Personal data is kept confidential and will only be shared where:

  • You have given explicit consent
    • It is clinically necessary for your care
    • It is required by law or regulatory obligation

This may include sharing relevant information with your GP, other healthcare professionals, or laboratory testing companies, where appropriate and with consent.

In circumstances where there is a serious risk to your safety or the safety of others, confidential information may be disclosed without consent in accordance with legal and professional obligations.

Anonymised case information may be used for professional supervision or development purposes only with your explicit consent.

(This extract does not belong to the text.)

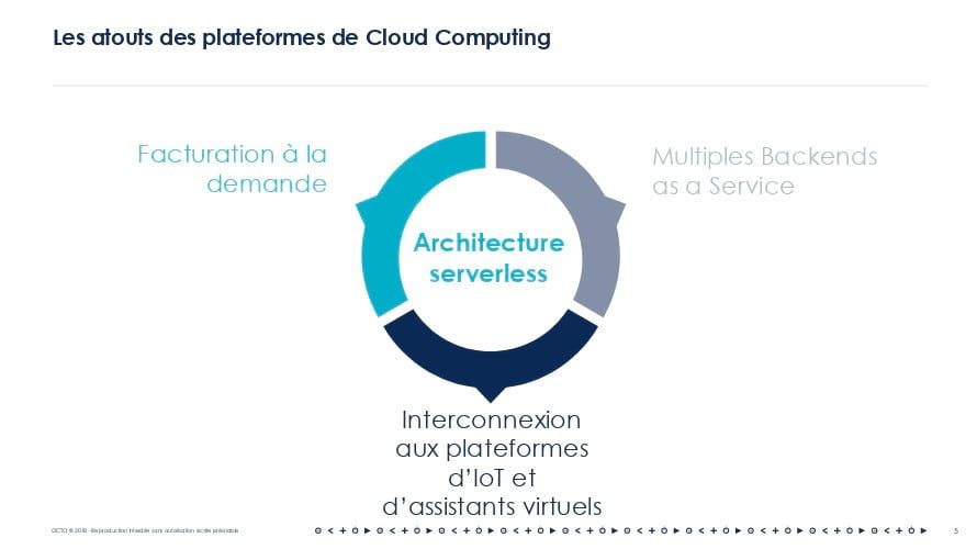 Depuis plusieurs années déjà, le concept d'IoT est sur le devant de la scène. Depuis 3 ans, le marché a émergé et des premiers exemples concrets sont là. Paris Aéroport modélise le comportement des passagers dans les terminaux grâce aux caméras de surveillance dans le projet Vasco. CMA-CGM a équipé ses conteneurs  de capteurs. De plus en plus d'objets du quotidien deviennent connectés (ampoules, thermostats, ...). Les assistants vocaux virtuels ont déferlé dans les foyers à l'occasion des fêtes de fin d'année. D’un point de vue du système d'information ce sont tous des objets connectés. Ils vont permettre toujours plus d'interactions avec les utilisateurs ce qui est une bonne chose. Mais ils demanderont au SI encore plus de disponibilité, de scalabilité et de richesse que les applications mobiles et les portails web. Nous sommes convaincus qu’il faut être préparé à ces nouveaux enjeux. Notre meilleure chance réside dans les opportunités liées aux nouvelles technologies qui les accompagnent. Les plateformes cloud, et les plateformes serverless dans une forme plus avancée, sont ainsi à nos yeux indissociables des objets connectés et des assistants virtuels. Elles sont, en effet, un remarquable atout pour répondre aux nouveaux enjeux qui leur sont associés.

9. Transcription Services and AI-Supported Tools

Transcription services or AI-supported tools may be used as part of the clinical process and record keeping to support accurate documentation and administrative efficiency. These tools are used solely for clinical and record-keeping purposes.

If you do not consent to this, you must inform me at the start of your consultation.

10. Data Storage and Security

All personal data is stored securely using appropriate technical and organisational measures. Digital records are password protected and access is restricted.

Email communication is not fully secure. By choosing to communicate via email, you acknowledge and accept this risk.

Third-party systems used for scheduling, payment processing, or secure storage operate under GDPR-compliant agreements.

11. Data Retention

Clinical records are retained in line with UK GDPR and professional guidance, including guidance from relevant professional bodies such as BANT and CNHC.

Records are generally retained for a minimum of 8 years from the date of your last consultation, or longer where required by law or in the case of clients under 18.

After the applicable retention period, records are securely deleted.

12. Your Rights

Under UK GDPR, you have the right to:

  • Request access to your personal data
    • Request correction of inaccurate or incomplete data
    • Request restriction of processing
    • Request erasure, subject to legal and professional obligations
    • Object to processing in certain circumstances
    • Request data portability, where applicable

Requests should be made in writing and will be responded to within statutory timeframes. Identity verification may be required.

13. Complaints

If you have concerns about how your personal data is handled, you are encouraged to contact me directly, via email, in the first instance.

info@julianabernardes.com

If you are not satisfied with how I handle your request, you can contact the Information Commissioner’s Office on 0303 123 1113 or visit their website (http://www.ico.org.uk).

14. Governing Law

I keep my Privacy Policy under regular review and as a result it may be amended from time to time without notice.

I am governed by the laws of the UK and Wales and I cannot be responsible for knowing or implementing global laws.